Had I heard the same story any morning previous, my reaction might have been different. That is what happens when we view our surroundings through a different lens. Gain a new perspective.

Why did this story have this effect on me on this particular day? Because the day before I attended a professional development workshop for educators entitled “The Trauma-Informed Classroom.” Dr. Barbara Sorrels, author of the book “Reaching and Teaching Children Exposed to Trauma,” was our presenter.

One of the most powerful moments of the day was listening to an actual 911 recording. The voice we heard was a six-year-old little girl named Lisa. Lisa was witnessing a violent attack on her mom and siblings by her stepfather. And it was not the first.

It is difficult for me to imagine the awful things this little girl witnessed. The fear in her voice was almost palpable. Her cries for help were interchanged with moments of extreme clarity. She provided crucial information and displayed incredible bravery.

The screams of this little girl caused a lump in my throat and tears in my eyes. Once the recording ended, the room remained silent. Dr. Sorrels then asked us to discuss how memories from this event might affect Lisa in the future. What images, smells, sounds, etc. might trigger negative responses from her?

All I could think was, “How can a child be expected to function at school after such a traumatic event?”

The workshop continued with stories of other trauma children, their caregivers, and teachers. We also explored ways to help promote healing.

By the end of the day, I felt emotionally and intellectually overwhelmed.

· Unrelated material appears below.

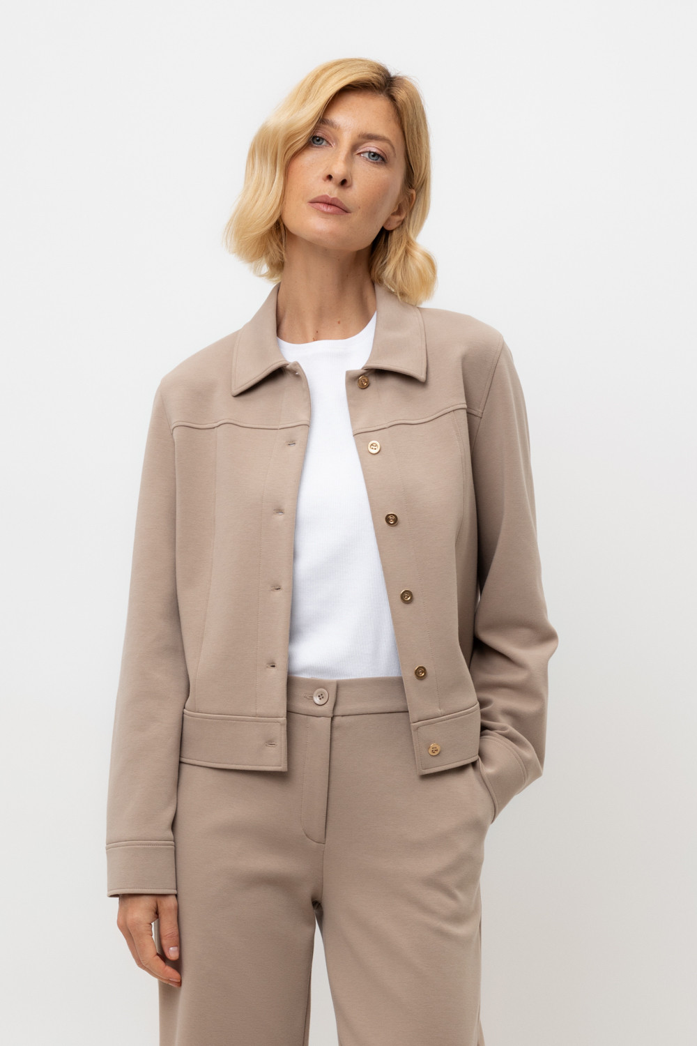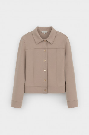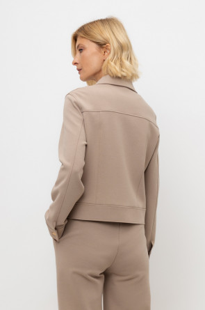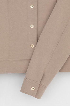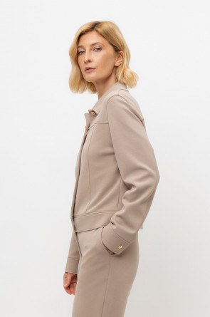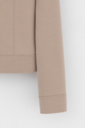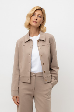 Укорочённый жакет, изготовленный из премиального трикотажного полотна DOUBLE FACE с добавлением спандекса. За счет фактуры переплетения и специальных обработок сохраняет силуэт и форму, что позволяет сочетать его как с юбкой, так и с брюками. Хлопок в составе добавит комфорта при носке.

How could I use this information to positively influence my classroom? How could it help me better connect with my students?

Dr. Sorrels encouraged us to start with one objective, helping one child at a time. And then another idea and another child, and so on. I reviewed my notes, and one thing stood out-a comparison of two questions. The questions represent two ways I might respond to a child’s behavior.

What is wrong with you?

What happened to you?

These questions have definitely been asked inside my teacher brain. And more often than not, I asked the first question. I should be asking the second.

So where do I begin?

  • Be mindful that a frustrating “behavior” might actually be a reaction to trauma.
  • Realize my perspective in approaching a child has the power to foster healing.
  • Be willing to ask the right question.